Comparisons of ICP variants
Selection of Points
- all available points
- uniform subsampling
- random sampling
- with high intensity gradient
- select source points from both meshes: slightly better than others when using “asymmetric” matching algorithm
- normal-space sampling: outperforms others in the “incised plane” scene
Matching points
- closest point
- closest compatible point (normals within 45 degrees)
- normal shooting: find the intersection of the ray originating at the source point in the direction of the source point’s normal with the destination surface
- normal shooting to a compatible point (normals within 45 degrees)
- projection (reverse calibration): project the source point onto the destination mesh, from the point of view of the destination mesh’s range camera (HOW??)
- projection by search: project the source point onto the destination mesh, then perform a search in the destination range image. The search might use a metric based on point-to-point distance, point-to-ray distance, or compatibility of intensity.
the closest-point algorithms are more sensitive to noise and tend to generate larger numbers of incorrect pairings than the other algorithms
But the closest-point algorithms might not have the fastest convergence rate for “easy” scenes, they are the most robust for “difficult” geometry.

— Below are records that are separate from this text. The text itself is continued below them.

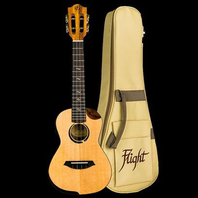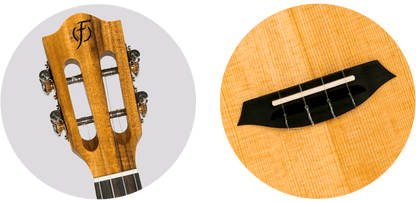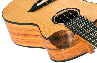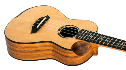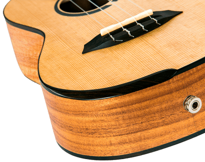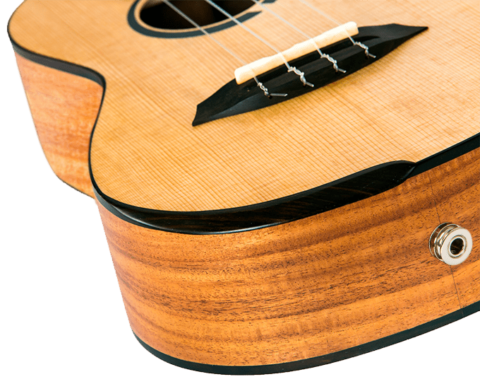 The Victoria concert deserves its name as royal. Flight Victoria Concert Electro Ukulele features the highest-level strong spruce top with its laminate acacia back and hand. Spruce is the brightest tonewood, while acacia is considered richer and warmer, so it is a match made in heaven together. The acacia lightens the punchy luminosity of the skin and gives the ukulele a rich, circular tone. African mahogany neck gives the players stability, a warm tone, and a smooth feel. Ebony is used to making Victoria's fingerboard. Ebony is a rich, thick hardwood that is the world's most expensive wood.
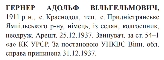 54-1 "а" КК УССР. Вінницьким УНКВС справу припинено
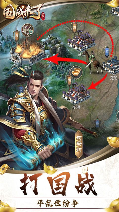1、【灭国轮回,死战不休】 在《国战来了》的战争地图上,你不再是一对一的攻打其他玩家,而是集整个国家之力,举国进攻,更大规模的国战随时爆发!然而,这天下只能有一个统治者,魏蜀吴汉,必然三死一胜,这将是一场关乎生死的国战对抗,没有退路。 2、【军国大策略,运筹千里之外】 四个国家之间的对抗,全服玩家极尽谋略,互相博弈共同谋划这场生死棋局!在敌对的三个国家中,选择哪个国家作为攻打对象?是否要联合其他国家?进攻路线如何敲定?这将是一场覆盖全国的军国大策略,从国家的角度统揽全局,运筹千里之外。 3、【三国名将领衔 千军万马强军出世】 模拟三国正式战场,由三国名将领军,真实还原步兵,弓兵,骑兵多兵种对抗!不同名将能力各异,擅长带兵种类不同,根据不同的攻击范围.攻击力.防御力等,建造属于你的不世强军,千军万马任你调遣。 4、【王者之争,谁将一统三国?】 天下分久必合,这场三国乱世将在《国战来了》中得到终结!魏蜀吴汉四国对抗,终究只有一个国胜出,只有一个王者诞生!谁将是乱世之中的贪狼破军?铁血手腕,极致谋略,带领全国玩家杀伐征战创开国功勋。国战来了01.折游戏攻略

the projection algorithm (TODO: check the details) does not offer the best convergence per iteration, each iteration is faster than an iteration of closest point finding or normal shooting because it is performed in constant time, rather than involving a closet-point search.
Weighting of Pairs
- constant weight
- lower weights to pairs with greater point-to-point distances: $\text{weight} = 1-\frac{\text{Dist}(p_1,p_2)}{\text{Dist}_\max}$
- based on compatibility of normals
- based on the expected effect of scanner noise on the uncertainty in the error metric
In general, the effect of weighting on convergence rate will be small and highly data-dependent, and that the choice of a weighting function should be based on other factors.
Rejecting Pairs
- a given (user-specified) distance apart
- the worst $n\%$ of pairs
- the distance is larger than some multiple of the standard deviation of distances
- not consistent with neighboring pairs
- on mesh boundaries
outlier rejection, though it may have effects on the accuracy and stability with which the correct alignment is determined, in general does not improve the speed of convergence.

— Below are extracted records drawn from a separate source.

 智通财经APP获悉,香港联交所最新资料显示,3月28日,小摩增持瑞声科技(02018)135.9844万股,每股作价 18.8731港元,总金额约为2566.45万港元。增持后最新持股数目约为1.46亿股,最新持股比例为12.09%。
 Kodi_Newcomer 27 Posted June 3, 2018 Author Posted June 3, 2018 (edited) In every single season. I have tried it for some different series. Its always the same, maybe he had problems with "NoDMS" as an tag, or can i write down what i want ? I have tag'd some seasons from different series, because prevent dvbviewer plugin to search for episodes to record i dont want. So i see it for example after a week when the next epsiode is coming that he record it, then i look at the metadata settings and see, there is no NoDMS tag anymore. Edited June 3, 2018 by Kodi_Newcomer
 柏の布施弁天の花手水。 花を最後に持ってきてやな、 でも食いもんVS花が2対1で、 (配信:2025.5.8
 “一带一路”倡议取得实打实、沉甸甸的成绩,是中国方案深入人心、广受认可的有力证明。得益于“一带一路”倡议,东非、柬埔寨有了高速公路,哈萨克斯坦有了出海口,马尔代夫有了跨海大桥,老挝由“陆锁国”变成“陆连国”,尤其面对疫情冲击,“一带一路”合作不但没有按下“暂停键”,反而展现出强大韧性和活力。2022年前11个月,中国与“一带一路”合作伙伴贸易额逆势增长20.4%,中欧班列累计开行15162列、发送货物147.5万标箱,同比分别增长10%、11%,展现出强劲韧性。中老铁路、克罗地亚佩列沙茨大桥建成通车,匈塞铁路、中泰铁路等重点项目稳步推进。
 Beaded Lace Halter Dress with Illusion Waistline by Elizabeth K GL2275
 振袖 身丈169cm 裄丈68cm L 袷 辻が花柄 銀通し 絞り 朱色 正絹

Error Metric and Minimization
error metrics:
- sum of squared distances between corresponding points
- sum of squared distances from each source point to the plane containing the destination point and oriented perpendicular to the destination normal
several ways to search:
- “classic” ICP without extrapolation
- “classic” ICP with extrapolation
- start with several perturbations in the initial conditions
- start with various randomly-selected subsets of points
- stochastic search via simulated annealing.
the point-to-plane error metric outperforms in the “fractal” and “incised” scene.
High-Speed Variants
construct a high-speed ICP algorithm by combining some of the variants.